# 5/8" miter bars/miter gauge?



## daviddoria

Continuing to get bitten by this cheap saw:
http://www.ryobitools.com/catalog/power_tools/table_saws/BTS12S#

The miter slots are not the standard size. They are 5/8". I haven't been able to find any miter bars that fit this slot. I tried making my own from some birch ply, but they don't seem to slide as well as I'd like. Anyone know where I can get some steel bars with predrilled/tapped holes for attaching jigs?

Thanks,

Dave


----------



## garryswf

Dave,
I wouldn't go to the bix box stores for something like you need, i normally go to a supplier that deals in different metals. You should be able to find something you need at one of these places. I do feel your pain when it comes to the 5/8" mitre slot.


----------



## mdlbldrmatt135

If you have a Drill press any 5/8" Cold rolled steel could work. Aluminum would work as well. Just avoid hot rolled as it'll more than likely be undersize. you could also try some UHMW plastic


----------



## garryswf

Dave,
Is 5/8" the width of the mitre slot? Also what is the depth of the mitre slot?


----------



## daviddoria

The width is .64" (I'm assuming it's supposed to be 5/8", that's what it says in the specs). The width of the bottom part of the T slot is .86" (probably supposed to be 7/8"). The depth of the slot is 1/4".

Dave


----------



## garryswf

Dave,
I would try to find a piece of flat bar 5/8"x1/4" in whatever length you choose, myself i would use stainless flatbar. The UHMW plastic would probably work but i would want something with a little more ridigity to it. Isn't that mitre slot a t-slot?


----------



## daviddoria

Yep, it's a T slot - the dimensions are in a previous post. You don't HAVE to use a T shaped bar in a T-slot though, right? It seems reasonable to find a flat piece of steel, but not a T shaped piece of steel!


----------



## garryswf

Dave,
To answer your question, no you do not have to use a T-bar in the mitre groove. If you do run on to someone that has the 5/8x1/4 flatbar, myself i would purchase enough to not only make a good mitre gauge but also enough to make a crosscut sled, and any other jig you think you might want to make. I have the Ryobi 10" table top saw that i used before i purchased my Delta and to be honest it worked fine except i couldn't use a dado blade on it because the arbor shaft was to short. Good Luck.


----------



## PreacherDave

Where were all of you guys when I was researching this saw. I knew I didn't want top of the line, cause it was my first table saw, but I had no idea that adding jigs would be so hard.


----------



## cabinetman

HD has metal stock in varied lengths in the hardware section. They may have something that would work. For width, .64 is wider than 5/8" (.625).












 







.


----------



## Pirate

I wonder if the 5/8" slot could be widened to 3/4"? Being as it's aluminum, it could be done with a router.
Assuming the area isn't hollow!!!
I think the saw is as loud as the lunchbox planer I had a few years ago!
For a cheap saw, it does have a fair amount of power.

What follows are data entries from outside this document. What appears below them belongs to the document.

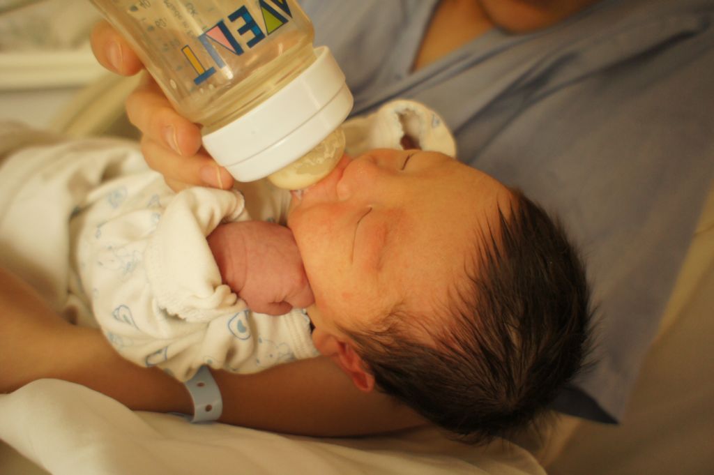 凛太郎におもちゃにされて疲れた貫太郎は、初めてのミルク20ccをグビグビと一気呑み。
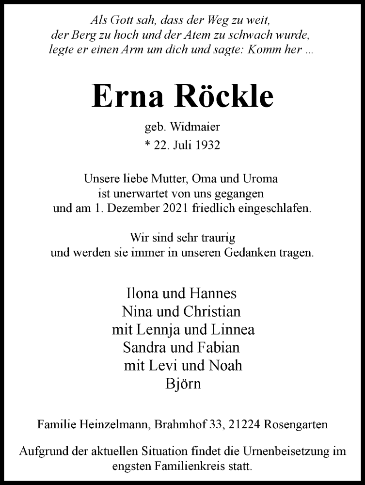 Hier finden Sie alle Traueranzeigen aus der Zeitung, die bisher für Erna Röckle erschienen sind. Weitere Traueranzeigen, die in der Zeitung erscheinen, werden hier ebenfalls aufgelistet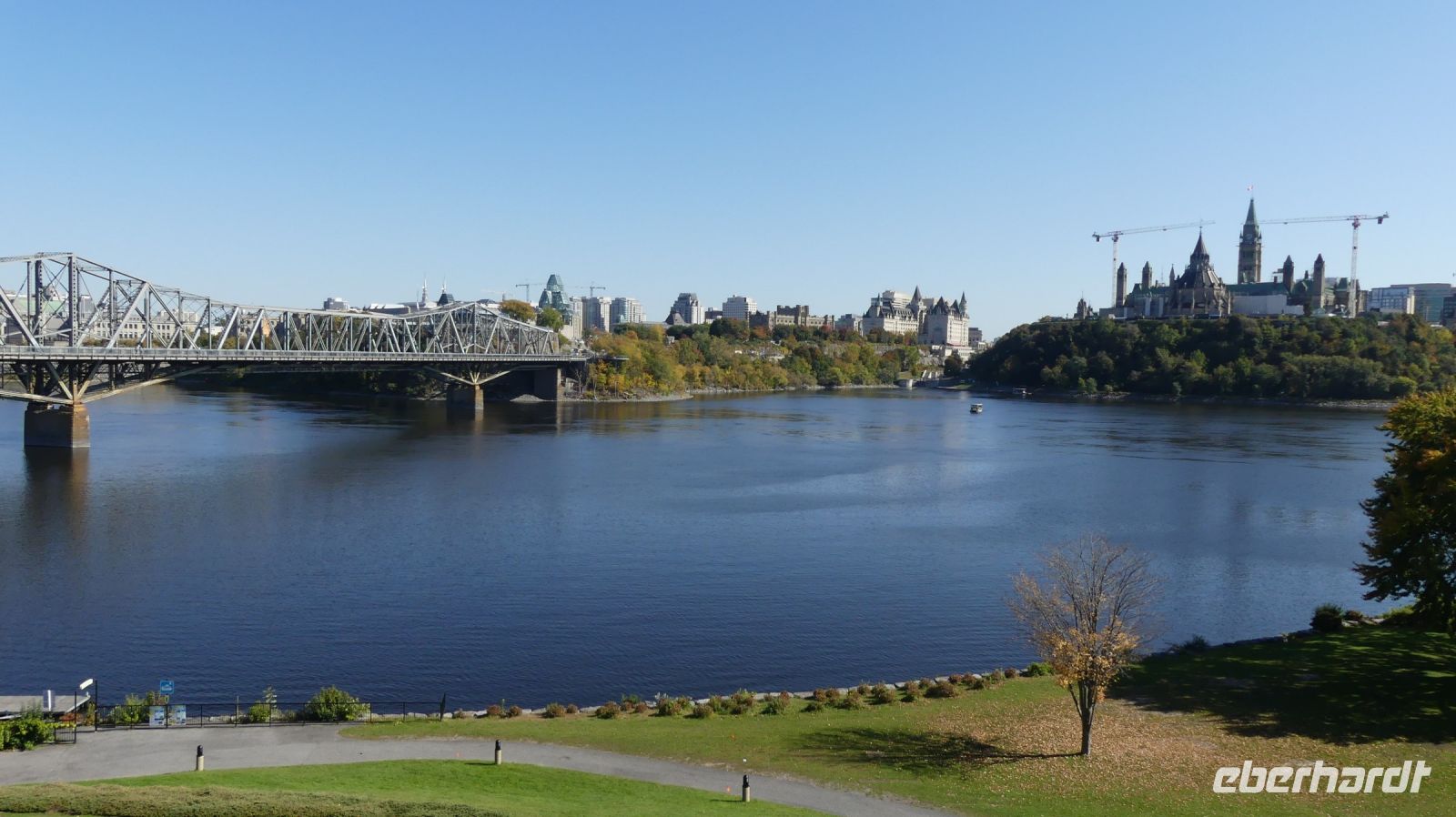 Auf der Fahrt in die kanadische Hauptstadt Ottawa halten wir mittags an einer Tim Hortons Raststätte. In Ottawa angekommen, beginnen wir unsere Stadtbesichtigung am Geschichtsmuseum. Das Canadian Museum of History ist in Form eines umgekippten Kanus gebaut. Von hier aus haben wir einen tollen Blick über den Ottawa-Fluss und die Altstadt mit dem riesigen Parlamentsgebäude. Unsere nächsten Halte sind: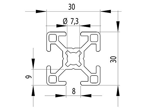 Profilo in alluminio 30x30 B-Typ Nut 8, lunghezza standard (7,80 EUR/m)
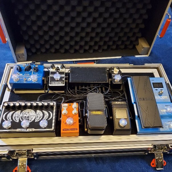 Noice happy new board day *_*I already got my velcro on. That's all I planned on getting done... Next thing you know I found cables, powersupply, and more pedals up in the attic dungeon. All the sudden this is ready for testing!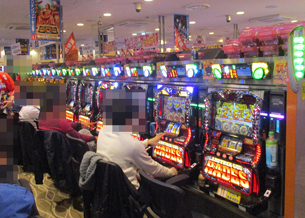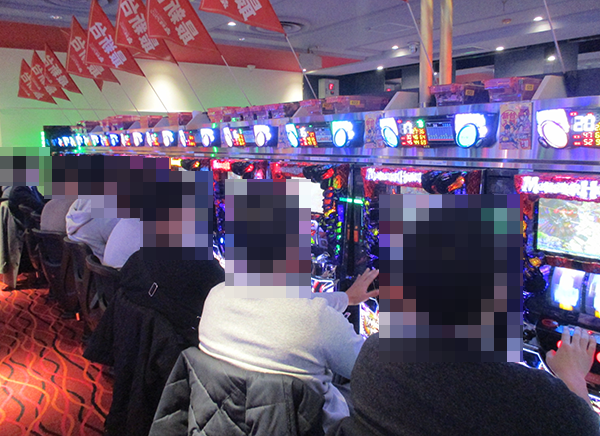 パチスロのなかで、とくににぎわっていたのが「パチスロ モンスターハンター 月下雷鳴」と「アナザーゴッドハーデス」。ポテンシャルを最大限まで引き出せているといったプレイヤーもあちこちにみられ、各シマに華やかな雰囲気が感じられた。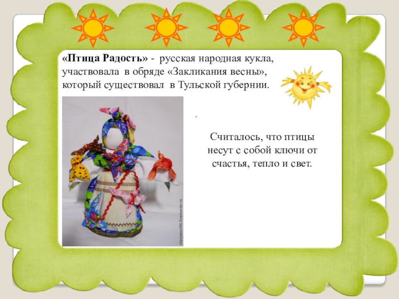 Считалось, что птицы несут с собой ключи от счастья, тепло и свет.

I have a BTS 10 saw I picked up at a yard sale for cheap. I mainly use it at the rental house to cut aluminum screen framing for new frames.


----------



## woodnthings

*This issue has been discussed extensively*

http://www.woodworkingtalk.com/search.php?searchid=701875&pp=25&page=2

The tabs can be ground off if you have them?
The width of the slot can "possiblly" be widened to 3/4" using a router, straight bit, slow speed, lubricant.... I donno?
Depends on the amount of material which would remain underneath after removing either 1/16" off either side or 1/8" off one side, preferably the side furthest from the blade. 

Search: "fix for Craftsman 5/8" miter slots" or variations of that and see what comes up.  bill


----------



## PreacherDave

Cabinetman; I checked the local HD for the bar stock. Not a chance. Can't even order it. Might be different elsewhere, though.

Pirate; The tabs CAN be routed off, and the slot can be expanded a bit, but make sure your router is good quality, too. (Another expensive lesson for this beginning woodworker.) If the router is too cheap, it won't hold the bit, so it WILL mess up the table so you have to install a new "slot" where the old one used to be. Learn from my mistakes.:wallbash: {Stupid cheap tools.}


----------



## knotscott

Did you try any paste wax on the birch ply to help it glide? I'm wondering if solid birch, maple, alder, etc., would work better. 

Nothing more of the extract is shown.